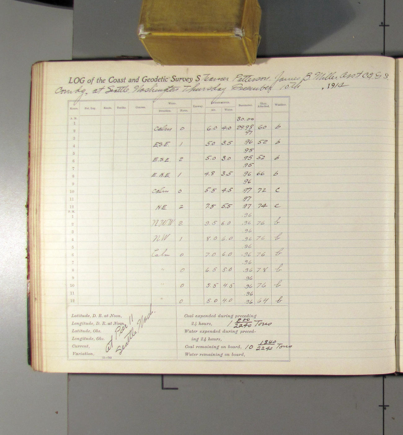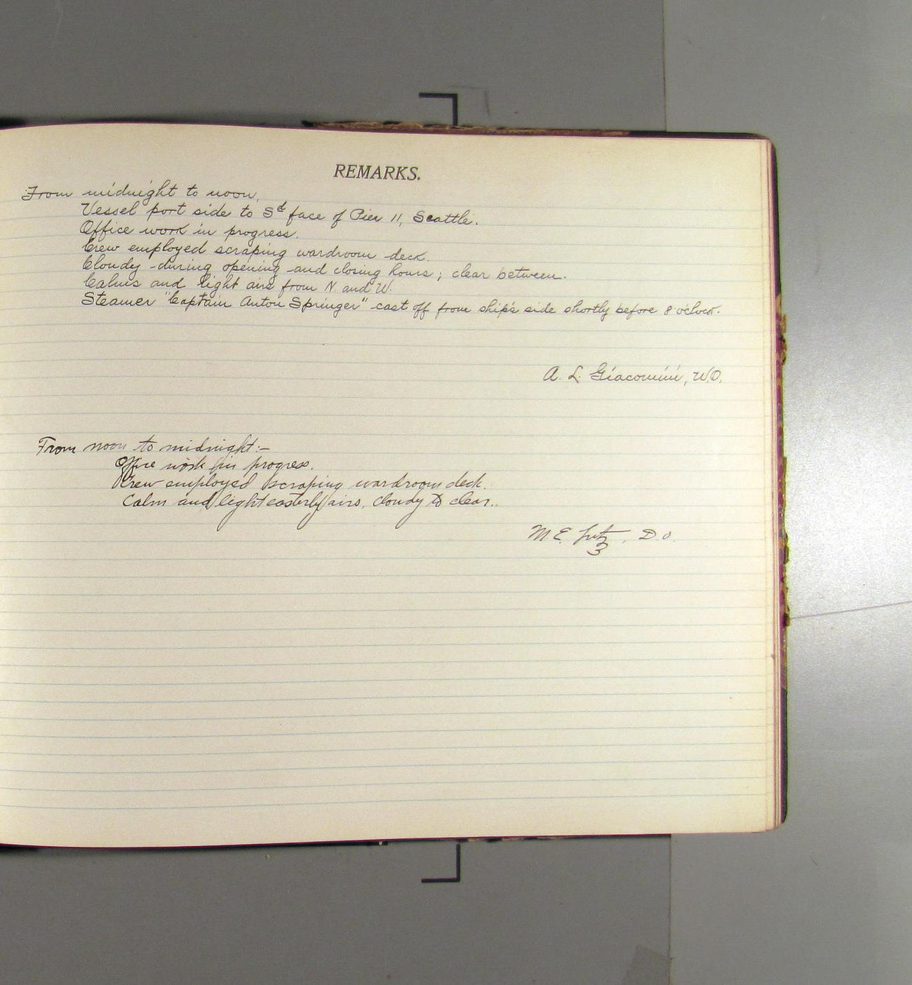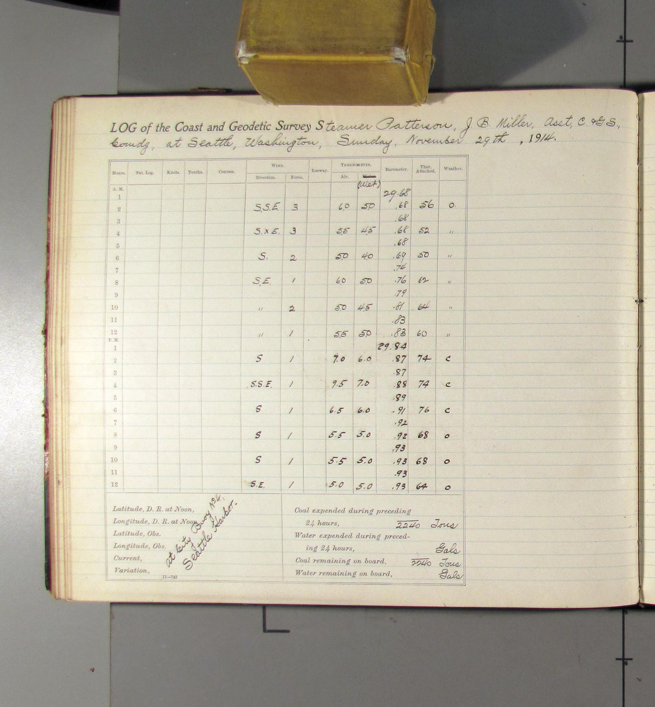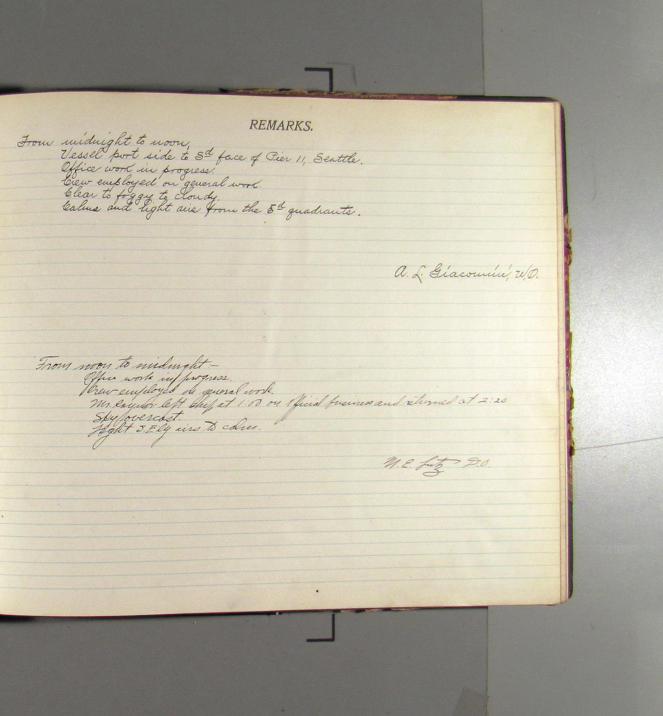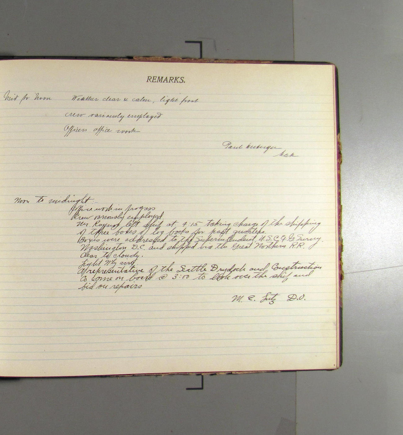 Noon to midnight. Office work in progress. Crew variously employed. Mr. Raynor left ship at 4:15 taking charge of the shipping of three boxes of log books for past quarters. Boxes were addressed to the Superintendent, USC&G Survey Washington DC and shipped via the Great Northern RR. Clear to cloudy. Light N'ly airs. A representative of the Seattle Drydock and Construction Co come on board @ 3:00 to look over the ship and bid on repairs
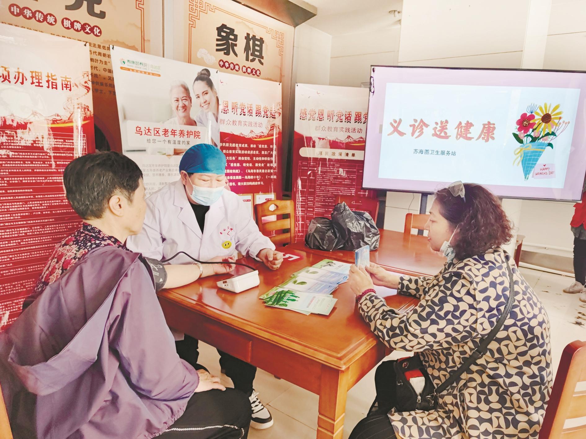 乌达区结合居民实际需求,优化健康医疗体系。新达街道打造“新达格格”服务品牌,依托“护老+科技”,开启“智慧护老”服务新模式,派遣网格员上门为辖区独居老人安装门磁,并用网格员手机号码绑定门磁,作为监测老年人身体状况的依据,若老年人在固定时间段内没有出入记录,社区网格员会及时上门看望或电话联系,防止老年人发生意外。乌达区还结合居民实际需求,合理利用闲置医疗资源,将10余处核酸采样亭“变身”为智慧生命驿站、老年活动室等场所;各社区卫生服务中心共组建家庭医生签约团队24组,截至目前,累计签约常住居民52788位,举办52次健康讲座、23次义诊活动,为4698人免费体检;今年,在辖区内增设10余处“健康驿站”“健康小屋”,免费为居民提供基本项目体检、慢病预防等多项健康管理服务。
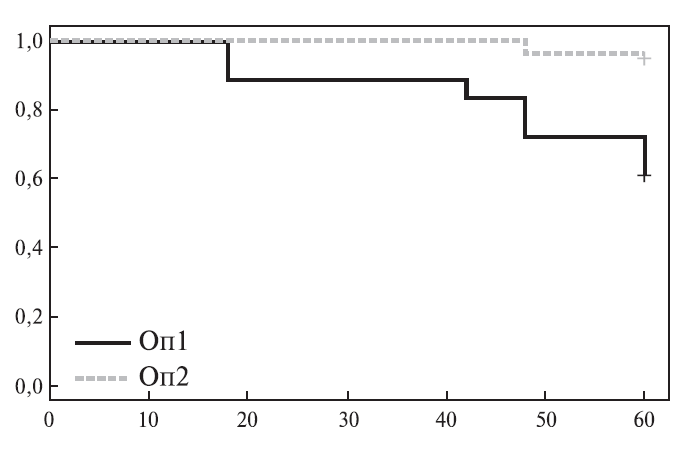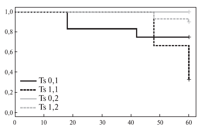6. Fig. 2. Survival curves of patients with BRAF-positive status, depending on the stage T and the volume of the operation. | |
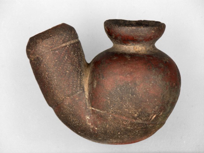 Piphuvud tillverkat i terrakotta, bestående av ett klotformat huvud och
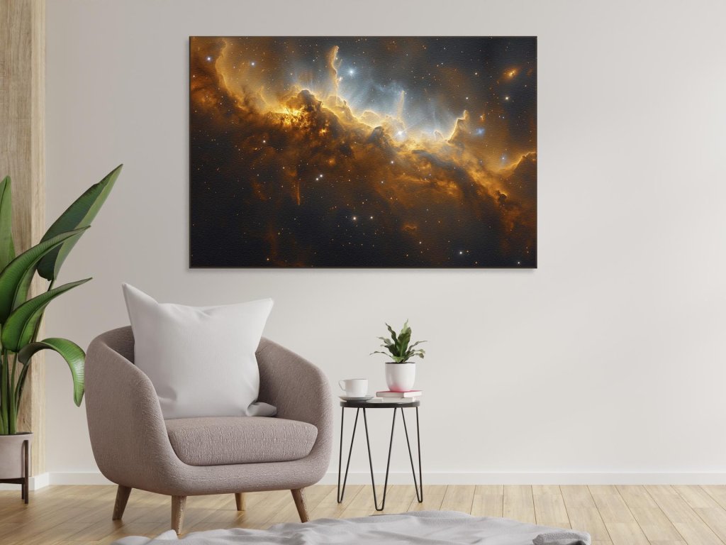 Obraz zachytáva úchvatnú scenériu vesmírneho hmloviny, s nádhernými zlatistými a oranžovými tónmi, ktoré vytvárajú dramatický kontrast so záhadnou tmou vesmíru. Hviezdne lúče a svetielkujúce hviezdy pridávajú obrazu hĺbku a žiarivosť. Tento vizuál preniká do tajov vesmírneho priestoru a umožňuje nám nahliadnuť do dynamického prostredia hviezdneho vzniku.
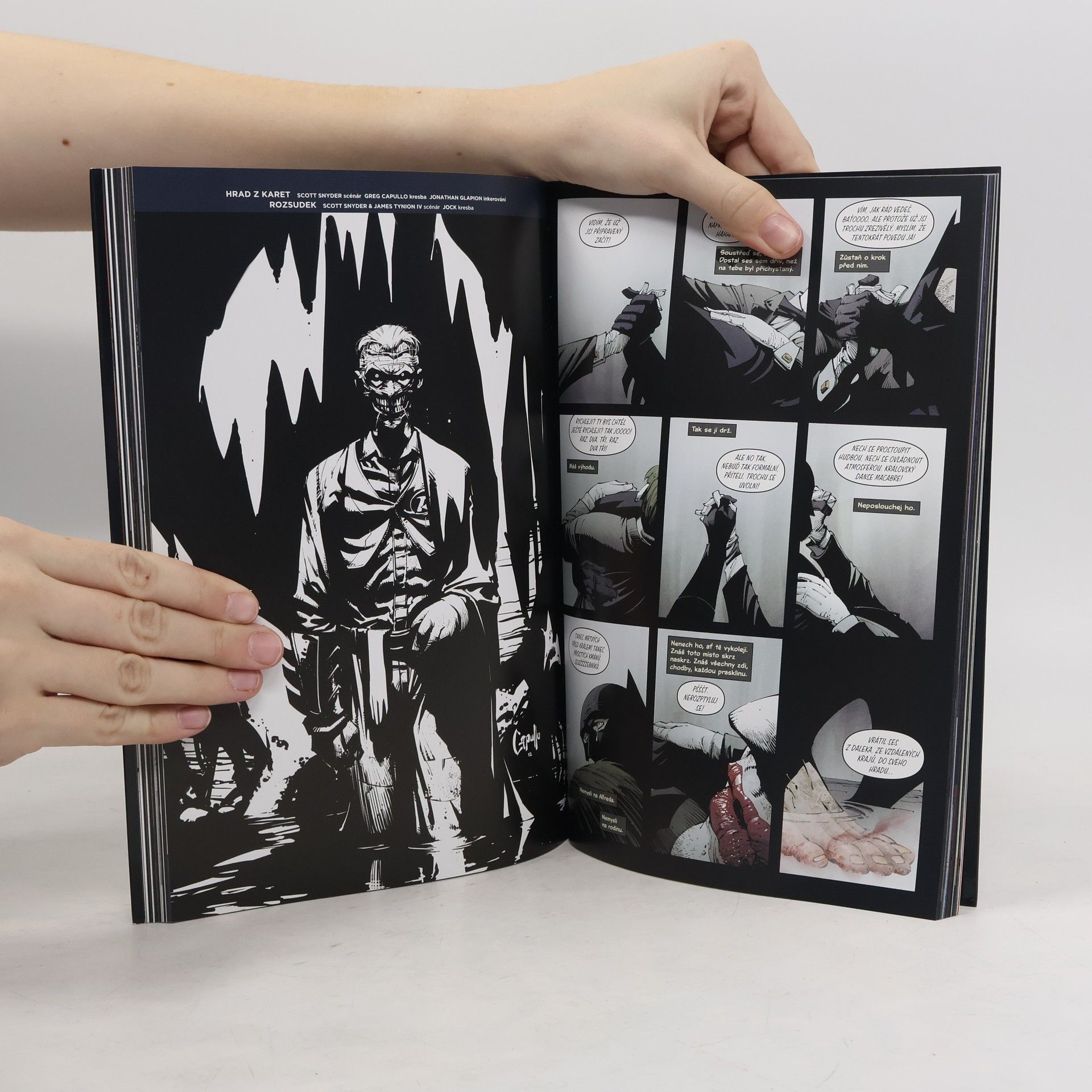 Joker je zpátky. S jeho obličejem sice není všechno v pořádku, ale úsměv má na něm stále jako přišitý a hlavu má plnou nápadů, jak zničit Batmana. Tentokrát to hodlá vzít opravdu důkladně. Nestačí mu zničit temného rytíře. Chce zabít všechny. Zvládne Batman zachránit město a především všechny své blízké? Už třetí kniha z opěvované série Scotta Snydera a Grega Capulla. Pokud jste si mysleli, že nemůže být nic větší nářez než Soví tribunál a Soví město, tak vás tenhle komiks vyvede z omylu
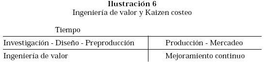 Mejoramiento Continuo y Costeo Kaizen: El mejoramiento continuo pretende lograr sucesivas reducciones de costos en los productos y servicios que la organización proporciona a los clientes. Desarrollado en el Japón y denominado «Kaizen» comienza donde termina la ingeniería de valor. Mientras la ingeniería de valor es un enfoque proactivo durante la investigación, diseño y producción del ciclo de vida del producto, el mejoramiento continuo actúa proactivamente durante la producción y mercadeo del producto.
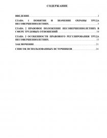 ГЛАВА 3 ОСОБЕННОСТИ ПРАВОВОГО РЕГУЛИРОВАНИЯ ТРУДА НЕСОВЕРШЕННОЛЕТНИХ…………………………………………………15
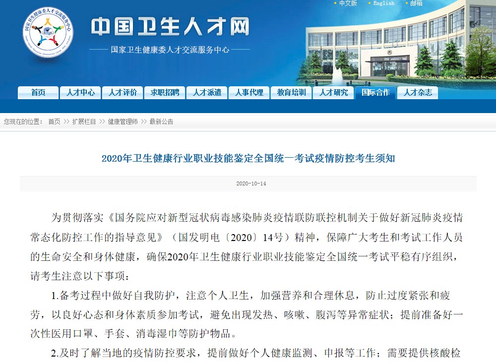 2020年衛(wèi)生健康行業(yè)職業(yè)技能鑒定全國統(tǒng)考試疫情防控考生須知
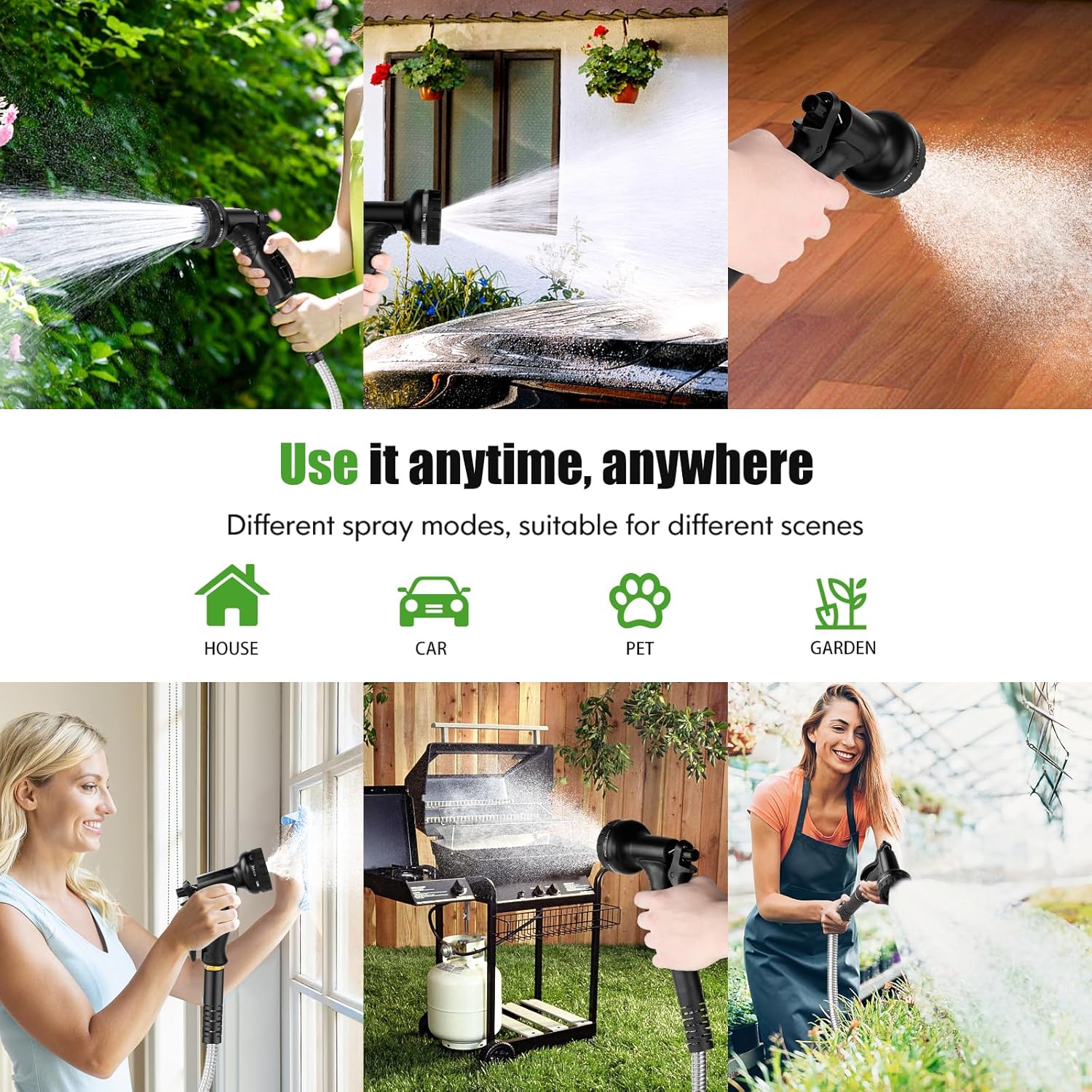 - Each outdoor garden hose has connectors on both sides. When the garden hose does not reach the length you need, you can connect two different hoses to extend the total length. The metal is extremely lightweight and highly flexible,maximizing your storage space and ensuring that it can be neatly organized and stored. It can simply be hung on an outdoor faucet or fence, or placed in storage bags and boxes. Each item includes one hose,one 10-function hose nozzle, and three replaceable rubber rings.

******

**AIM OF THE TASK**
In the entries above, which lines run from the one with "Obraz zachytáva úchvatnú" up to and including the one with "2020年衛(wèi)生健康"? Write them out exactly, without the pictures.

**RESULT OF THE EXERCISE**
 Obraz zachytáva úchvatnú scenériu vesmírneho hmloviny, s nádhernými zlatistými a oranžovými tónmi, ktoré vytvárajú dramatický kontrast so záhadnou tmou vesmíru. Hviezdne lúče a svetielkujúce hviezdy pridávajú obrazu hĺbku a žiarivosť. Tento vizuál preniká do tajov vesmírneho priestoru a umožňuje nám nahliadnuť do dynamického prostredia hviezdneho vzniku.
 Joker je zpátky. S jeho obličejem sice není všechno v pořádku, ale úsměv má na něm stále jako přišitý a hlavu má plnou nápadů, jak zničit Batmana. Tentokrát to hodlá vzít opravdu důkladně. Nestačí mu zničit temného rytíře. Chce zabít všechny. Zvládne Batman zachránit město a především všechny své blízké? Už třetí kniha z opěvované série Scotta Snydera a Grega Capulla. Pokud jste si mysleli, že nemůže být nic větší nářez než Soví tribunál a Soví město, tak vás tenhle komiks vyvede z omylu
 Mejoramiento Continuo y Costeo Kaizen: El mejoramiento continuo pretende lograr sucesivas reducciones de costos en los productos y servicios que la organización proporciona a los clientes. Desarrollado en el Japón y denominado «Kaizen» comienza donde termina la ingeniería de valor. Mientras la ingeniería de valor es un enfoque proactivo durante la investigación, diseño y producción del ciclo de vida del producto, el mejoramiento continuo actúa proactivamente durante la producción y mercadeo del producto.
 ГЛАВА 3 ОСОБЕННОСТИ ПРАВОВОГО РЕГУЛИРОВАНИЯ ТРУДА НЕСОВЕРШЕННОЛЕТНИХ…………………………………………………15
 2020年衛(wèi)生健康行業(yè)職業(yè)技能鑒定全國統(tǒng)考試疫情防控考生須知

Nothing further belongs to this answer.